So Josh was alive, and Daisy was dying. That wasn’t irony; it was cruelty. Some sick, cruel joke the universe was playing on her.
“Oh, Tom. I’m so sorry. I’m on my way.”
She went down the stairs, saw Tyler was back and asleep, shivering and sweating on the couch. She wrote him a note, told him to hang in there, that she was pulling for him, and to call her with any news he’d learned.
Winston woofed at her quietly, almost a question, and she went to him, put her arms around him, and fought back tears.
“Oh, baby. I don’t know what to do.”
He nuzzled her and she let him, then stood and grabbed her keys.
She drove to the hospital in a trance.
How was she supposed to do this? What was she supposed to do? To think? To feel?
She was numb. This could have been some sort of joke. It really could. Right?
The hospital was so close she was there before she could wrap her mind around what was going on. The valet nodded in acknowledgment and took the car, and she went inside. The creepy corridors, the long hallways, the smell—it all was foreign again, strange, different. Her whole world was altered. The colors wound together in a blur, a kaleidoscope of images—Josh at the center.
God, she could hardly draw the details of his face into her mind. The dark hair, the blue eyes, yes, but the minute qualities, the little bits that she used to know better than the back of her hand, were gone.
His head thrown back in ecstasy as he got head from a strange woman.
The ICU was on the fifth floor. When she arrived, she was denied entry. She asked the nurse to let Tom know she was there, and she left to get him. They returned a few moments later, Tom looking haggard and drawn, his skin pale. He fell into Aubrey’s arms, and she hugged him automatically. He smelled of fear.
“What happened?”
“They think that one of the broken rib slivers poked a hole in her heart and they missed it. She’s been telling me all day something was wrong, and I just didn’t listen. They thought she needed a shrink, that it was in her head—” He broke off, sobbing, and Aubrey led him to the ugly gray chairs and sat him down. There was a box of tissues strategically placed nearby. Aubrey handed one to Tom.
When he had calmed a bit, she asked, “So what’s the next step?”
“They’re trying to get her stabilized and they’ll do surgery as soon as she can handle it. Pretty soon they’re going to have to go in whether she’s stable or not. They’re saying it’s fifty-fifty right now.”
“I’ll take those odds, Tom. Daisy is the most stubborn woman I know. She’s fighting in there.” The words sounded empty, flat. But they seemed to help Tom, because the tears began to slow, and he worked his way back to calm. She sat with him while he composed himself.
“The police came by to check on her. They’re going to charge her with DUI and vehicular assault, they want to set a court date. You have to tell them it wasn’t her fault, Aubrey. You have to let them know she didn’t mean any harm. We can’t let them charge her with assault.”
Well, we can. But she patted his arm. “Let’s cross that bridge when we get to it. You should probably talk to a lawyer before you do anything.”
“You’re right. Of course you’re right. I will.”
He went silent, pulling the tissue between his hands until it shredded.
“There’s something else. When I got down here, she was going in and out of consciousness. She said the strangest thing before she went under all the way.”
“What’s that?”
“She said she had sons. Two sons.”
“You must have just misheard her.”
“No. She was very clear. And I’ve been thinking about it since she said it. You know she was married before me, right?”
“Sure. To Ed Hardsten. Josh’s biological father.” He tensed, and she smoothed her hand over his arm. “Josh always felt you were his father, Tom. Always. You gave him his name. You gave him your love. And he loved you, very much.”
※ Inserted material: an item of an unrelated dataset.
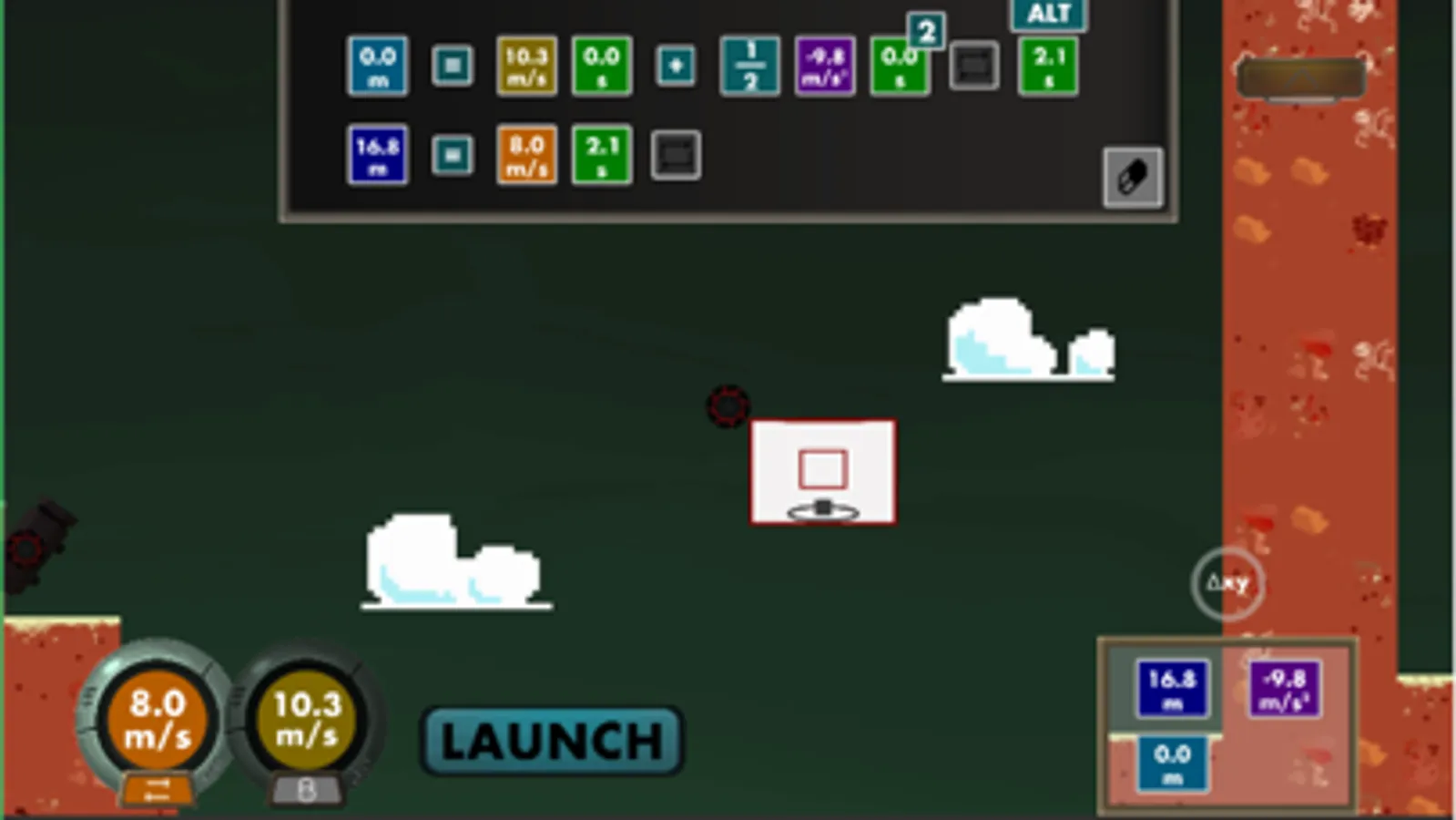 -Explore free fall and projectiles by solving for unknowns in order to make goals and predict time of flight.

“Thank you, Aubrey. Though I guess it doesn’t matter now. No, Daisy was married briefly before Ed Hardsten. To a soldier who died while he was on assignment. Very top secret stuff. She never talked about him; she only mentioned him once, before we got married. She didn’t want to go into our wedding day with lies between us. But she wouldn’t tell me much about him.”
“Do you know his name?”
“No. It was years earlier, when she was just a kid. It pained her to speak of it, so I never pushed her.”
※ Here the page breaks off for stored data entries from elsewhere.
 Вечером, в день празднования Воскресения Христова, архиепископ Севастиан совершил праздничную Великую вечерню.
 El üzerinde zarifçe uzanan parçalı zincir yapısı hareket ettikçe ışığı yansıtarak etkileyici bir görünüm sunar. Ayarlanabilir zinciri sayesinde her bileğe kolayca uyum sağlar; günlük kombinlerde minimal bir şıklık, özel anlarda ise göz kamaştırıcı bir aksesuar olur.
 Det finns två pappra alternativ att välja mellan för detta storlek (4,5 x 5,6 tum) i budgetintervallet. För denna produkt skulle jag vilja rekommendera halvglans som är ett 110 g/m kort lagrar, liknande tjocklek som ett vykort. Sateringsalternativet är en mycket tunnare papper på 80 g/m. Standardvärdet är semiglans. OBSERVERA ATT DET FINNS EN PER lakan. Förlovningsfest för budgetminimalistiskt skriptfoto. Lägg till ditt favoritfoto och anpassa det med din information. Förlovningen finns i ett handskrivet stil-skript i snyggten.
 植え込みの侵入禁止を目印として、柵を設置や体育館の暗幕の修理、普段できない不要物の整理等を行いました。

And that was why Daisy had married Tom in the first place. Security and love, no questions asked.
Tom continued, “But what if she had a child with him and didn’t tell me? Or had a miscarriage or something? She always held something of herself back from me. Could this be it?”
“Does she have any papers or anything from that time?”
“I’m sure she does. I don’t go into her desk.”